"Ratiometric analog output" interface with Arduino

[SolarPlexus]

I'm trying to interface a pressure sensor (specifically, a Honeywell NSCSANN015PAUNV piezoresistive pressure sensor) with an Arduino Uno analog input, but I'm not having much luck. The output from the pressure sensor is a "ratiometric analog output" with a pin corresponding to V+out and a pin for V-out. My problem is that I haven't found an effective way of rectifying the output signal for interfacing with an Arduino input pin.

I have created a standard curve for the pressures of this sensor and have found that the voltage across the pins at atmospheric pressure and 5V input is approximately 75mV. This makes sense, as according to the datasheet (http://sensing.honeywell.com/index.php?ci_id=142173) the nominal mV/V/Full Scale Span = 15 for a supply voltage of 5V. Anyways, this standard curve is approximately linear, with 15mV intervals.

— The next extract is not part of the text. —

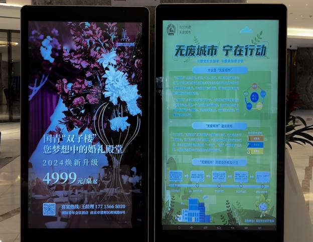 在酒店各餐厅内,餐桌显著位置均摆放了“光盘行动”宣传卡、南京市“无废城市”市民公约。在后厨区域,厨房根据原材料实际使用情况实时调整采购数量,严格把控库存使用量。在客房内,国青酒店自开业以来始终执行客房床上用品“一客一换”制度,每间客房都摆放了免换洗的提示卡。酒店在大堂宾客必经之处的屏幕上循环播放“无废”宣传海报,并设置了倡议反馈渠道。
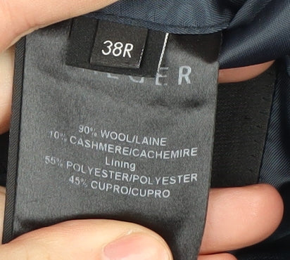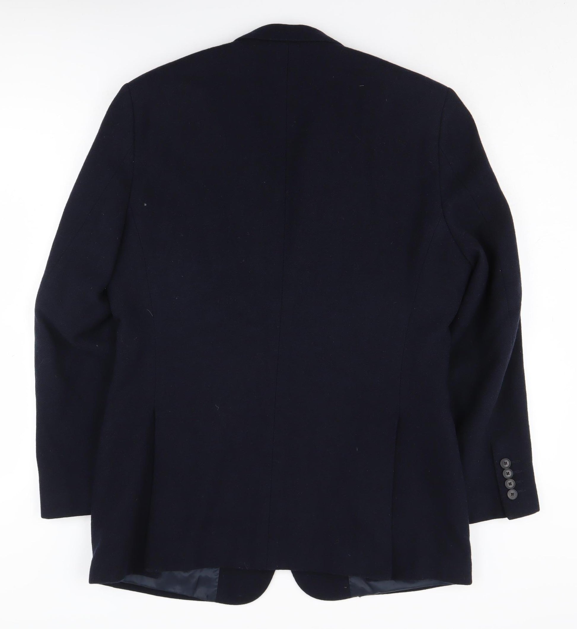 Feel sharp and sophisticated with this classic Jaeger Men's Blazer, meticulously crafted in a luxurious wool and cashmere blend. Perfect for formal and business occasions, this black blazer is a timeless piece that offers unparalleled comfort and style. With a regular fit, it is designed to create a flattering silhouette, while providing a comfortable wear throughout the day. The single-breasted cut and notch lapel lend an elegant touch, making it an ideal option for office wear or formal gatherings. Accentuated with a double-vented back and a versatile two-button front, this blazer ensures a perfect fit and unrestricted movement. Experience the plush feel of its soft, smooth fabric on your skin, complemented by a polyester and cupro lining that enhances durability. With minor signs of wear, it remains in excellent condition, ready to elevate your wardrobe. Match it effortlessly with tailored trousers or jeans for a refined look that speaks volumes about your impeccable taste. Get ready to embrace the cold seasons in style with Jaeger's distinguished craftsmanship. Make a confident statement with this must-have wardrobe staple. Secure your order today and enjoy a touch of elegance in every step you take.

In order to integrate the sensor with the Arduino, my first thought was that I could use a simple, zero-gain differential amplifier circuit (with an LM741 Op Amp and 10kOhm resistors). Unfortunately, the output from this circuit is only 65mV at 5V, which contradicts what I found when testing the pressure sensor on its own. I don't know how to get an accurate reading of the output from this sensor with my Arduino, and I've tried several LM741 arrangements to no avail. I would appreciate any advice on this matter, and whether or not I'm going about this measurement all wrong. I'm still a bit fuzzy about what "ratiometric analog output" means in this context...

Thanks for any help or advice

 

[(*steve*)]

The 741's output won't swing from rail to rail (and the inputs don't like it either).

Choose a device with rail-to-rail specs for both input and output (or use a wider supply voltage for the 741 (say +/- 9V)

 

[SolarPlexus]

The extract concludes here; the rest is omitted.